I feel like I’ve gained and reiterated a more critical perspective of perspective on punk in reading and responding to Daniel Traber’s L.A.’s “White Minority”: Punk and The Contradictions of Self-Marginalization. Michael Eric Dyson spoke at IU this week and talked a lot about hip-hop as an amplification of culture at large (i.e. critics of misogynist rap lyrics failing to acknowledge the connection between those attitudes and cross-cultural ideas of power and masculinity). Similarly, though not to say that these roles are mutually-exclusive, I think that punk is more often a reflection of culture-at-large than a provocative agent. Right now, I’m slowly reading through Jackson Katz’s The Macho Paradox and he refers often to the history of the formation of the battered women’s and rape crisis movements. He quotes Debby Tucker, cofounder of the National Center on Domestic and Sexual Violence and volunteer in the first rape crisis center in Texas on the beginnings of those movements:
It all started with women learning to listen to each other. The battered women’s and rape crisis movements drew strength from our understanding that what happened to individual women was not isolated. At first we just wanted to help … later we began to hear about women’s experiences, and see commonalities and patterns not only in the abuses they suffered but in the responses to them by the police, the courts, the clergy. We then began to use what we’d learned to confront men both at a personal and an institutional level.

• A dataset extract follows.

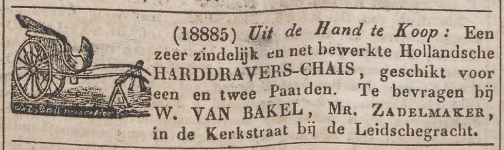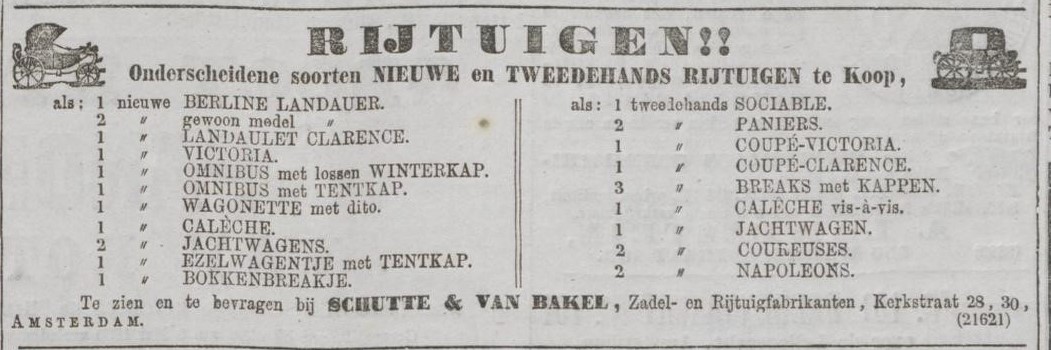 De firma Schutter & Van Bakel bepaalde bijna 125 jaar het aanzien van de Kerkstraat tussen Leidsegracht en Leidsestraat in Amsterdam. Die geschiedenis begint met Willem (Willebrordus, 1798-1850) van Bakel die op 1 juli 1829 als meesterzadel- en rijtuigmaker aan de slag gaat in een stal annex koetshuis aan de Kerkstraat, het huidige nummer 21. Het zijn nog niet gelijk indrukwekkende karossen die Willem levert, maar het is wel verfijnd werk zoals in de lijn van de 18e eeuw een ‘zeer zindelijke en net bewerkte’ Hollandse harddraversjees. Zo’n rijtuigje vergt het nodige vakmanschap in de zin van hout buigen, snijden en vergulden. In een andere advertentie biedt hij een modieuze schulpslede aan met een briljant arrentuig. Hij wil evengoed een paard slijten. Het is allemaal voor de gegoede burger, het betere middensegment dat behoefte heeft aan glazen- en tentwagens en tilbury’s. Nieuwbouw en handel lopen door elkaar. Zo tussen de regels door is op te maken dat Willem van Bakel wel ambitieus is. Hij verkoopt liever een gouden koets dan een ventkar. Zo adverteert hij met een ‘brietska’ (britschka), een ‘ vierwielige cabriolet’ en een ‘zo goed als nieuwe’ sociable, gebouwd door Visser & Co, de fabriek die dan het hoogste Amsterdamse segment bedient. Dat laatste is wat hij voor ogen had door daar te beginnen: in de straat met de koetshuizen van de bewoners op de Prinsen- en de Keizersgracht, de rijksten van de stad, althans dat waren ze. Willem heeft de pech dat juist die categorie een beetje berooid is geraakt in de Franse tijd en nu is het ook niet bepaald zo dat die rijke lieden zelf regelmatig door de Kerkstraat lopen: ze laten hun koetsiers voorrijden op de gracht en zien Willems zaak niet eens, terwijl het stalpersoneel dat er wel passeert zijn eigen belangen in de handel in rijtuigen en tuigage heeft. De Kerkstraat is in de loop der jaren zelfs wat verpauperd en dat helpt al evenmin. Hij heeft één groot voordeel, want de concurrentie in Amsterdam is zwak. Van de grote namen in de Amsterdamse rijtuigbouw van de 18e eeuw als Peter Sturck, Mulder en Klaes Kroon op het Haarlemmerplein, Calleree of Dirk Bontenakel is alleen nog Visser op de Botermarkt in de Franse recessie overeind gebleven. Maar financiële slagkracht om echt de markt te veroveren is er niet: in het kadaster van 1832 is te vinden dat Willem -zoon van een eenvoudige timmerman- geen eigenaar is van het pand in de Kerkstraat, maar Claesje Veldhuijs, zelf wonend aan de Keizersgracht. Hij huurt de bovengelegen woning en het koetshuis dat bij tijd en wijle zo donker is dat Willem een rijtuig buiten op straat moet schilderen en dat is niet al te hoogstaand. Meewerkend zoon Jan van Bakel woont volgens het bevolkingsregister naast zijn ouders op nummer 19.

So, the riot-grrl movement in the 90s, strongly connected to punk subculture, can be seen as a manifestation of a larger consciousness of women listening to women and organizing politically around the injustices articulated through those stories.
In the present, I can’t help but see the rising popularity of punk music that talks about connections to family (e.g. The Devil in My Family by Ghost Mice, or Grandma Song by Defiance, Ohio) as a reflection of a generation whose parents are more involved in the lives of their children (e.g. “Helicopter Parents“) and whose children are more at ease with the connectedness of their parents. Similarly, I see more subtle departures in ideology and identity between contemporary punks identifying with D.I.Y. practices and values and their parents, especially when compared with the extreme symbolic choices in lifestyle and fashion that punks in the 70s and 80s used to signify a separation from white, middle-class values.
In the case of riot-grrl and feminist organizing, one can see the positive integration of youth-culture and an important social movement. In the case of changing perceptions of family in punk subculture you can see how different relationships with the idea of family each offer their own limitations, whether through overly symbolic identifications or what borders on conservatism. In either case though, I come to the conclusion that punk wasn’t the movement or social force driving the connected dynamics.
Writing this is strange for me, because even though I increasingly recognize that punk media and subculture might not be a driving social force, I continue to contextualize other social dynamics through my own punk identity and my history through that identity.